━━ Provided data ━━
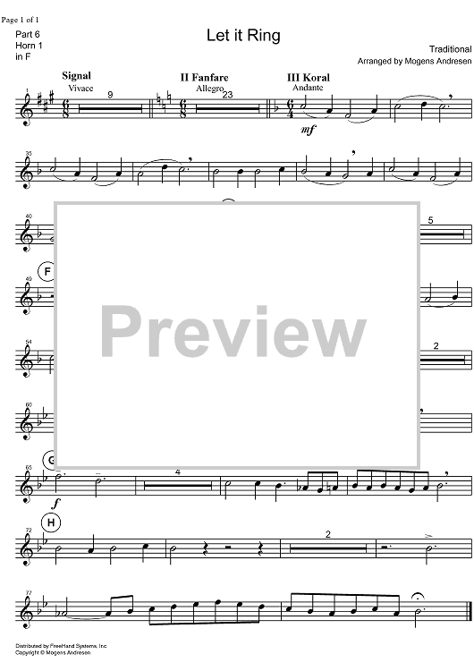 Digital Sheet Music for Let it Ring - Horn in F by Mogens Andresen, Traditional scored for Brass Ensemble; id:323800
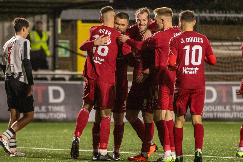 Four-time cup winner Aeron Edwards doubled the lead after finishing from Josh Ukek’s cross before Bala’s top scorer George Newell made it three by prodding home from Naim Arsan’s corner. Arsan then got on the scoresheet himself with a sublime 25-yard strike which found the top corner to round off an exhilarating first half from Colin Caton’s men.
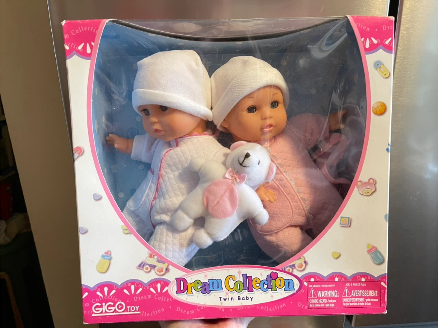 Selling a Dream Collection Twin Baby doll set! It's still in its original packaging. The box indicates it's suitable for ages 3 years and up. Comes with a cute little teddy bear accessory too
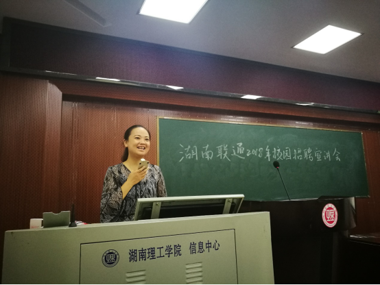 招聘负责人戴瑶主持了中国联通湖南分公司的宣讲会,她结合自己的从业经历,通过视频向在座员工介绍了湖南联通公司的发展历程,并讲述了联通公司各类补贴、保险福利以及招聘要求等情况。在与现场14级员工互动的过程中,她对信息学子的踊跃应聘表示热烈欢迎。
━━━
Problem description: Leave out the pictures, and retype exactly the lines from the one containing "Selling a Dream" through the last line of the data above, no more and no less.

Solution to the problem:
 Selling a Dream Collection Twin Baby doll set! It's still in its original packaging. The box indicates it's suitable for ages 3 years and up. Comes with a cute little teddy bear accessory too
 招聘负责人戴瑶主持了中国联通湖南分公司的宣讲会,她结合自己的从业经历,通过视频向在座员工介绍了湖南联通公司的发展历程,并讲述了联通公司各类补贴、保险福利以及招聘要求等情况。在与现场14级员工互动的过程中,她对信息学子的踊跃应聘表示热烈欢迎。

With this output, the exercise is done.